## Your goal
Exactly as written, please repeat the data that follows, but not the pictures.
[Data excerpt]
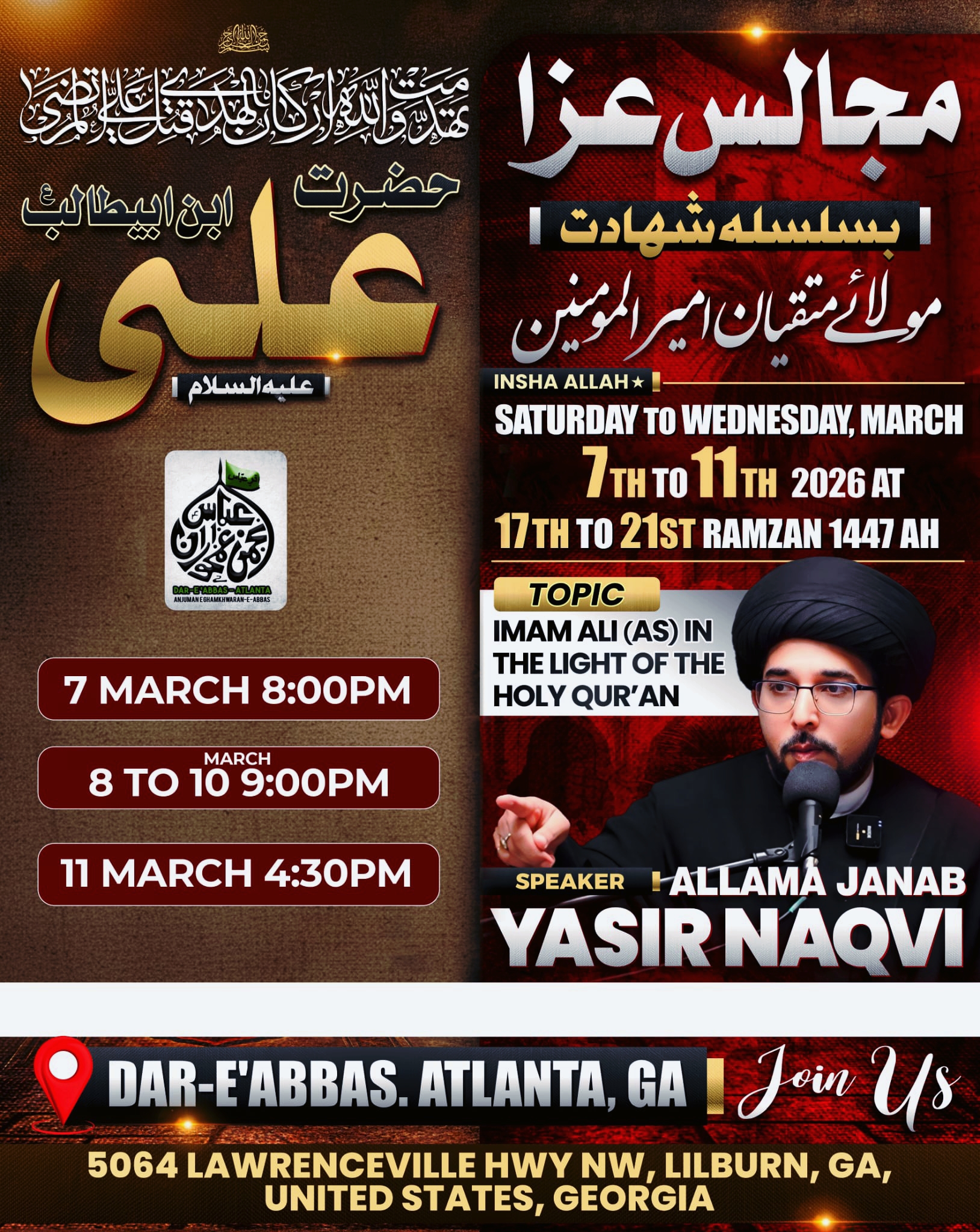 | March 07, 2026 Majlis Time: 8:00 PM. |
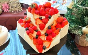 しっとりとしたアーモンド生地に、バニラの香りが口の中に広がる濃厚で滑らかなムースリーヌ、国産いちごをたっぷりサンドした贅沢で華やかなケーキです。
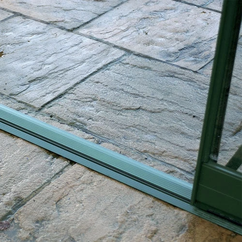 Framework including integral base – manufactured from sturdy, maintenance free aluminium. The integral aluminium base enhances ease of construction enabling the whole frame to be simply bolted together. The 1’11″ (600mm) wide door has been dropped into the aluminium base providing a ground level threshold allowing easy access for the user.
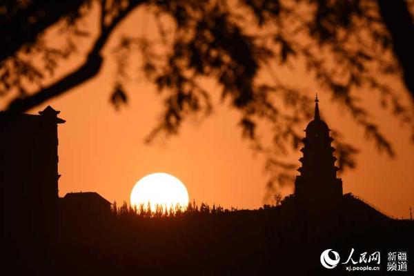 5月5日,一轮红日从新疆库尔勒市郊区升起。
[/Data excerpt]
## Response to the task
 | March 07, 2026 Majlis Time: 8:00 PM. |
 しっとりとしたアーモンド生地に、バニラの香りが口の中に広がる濃厚で滑らかなムースリーヌ、国産いちごをたっぷりサンドした贅沢で華やかなケーキです。
 Framework including integral base – manufactured from sturdy, maintenance free aluminium. The integral aluminium base enhances ease of construction enabling the whole frame to be simply bolted together. The 1’11″ (600mm) wide door has been dropped into the aluminium base providing a ground level threshold allowing easy access for the user.
 5月5日,一轮红日从新疆库尔勒市郊区升起。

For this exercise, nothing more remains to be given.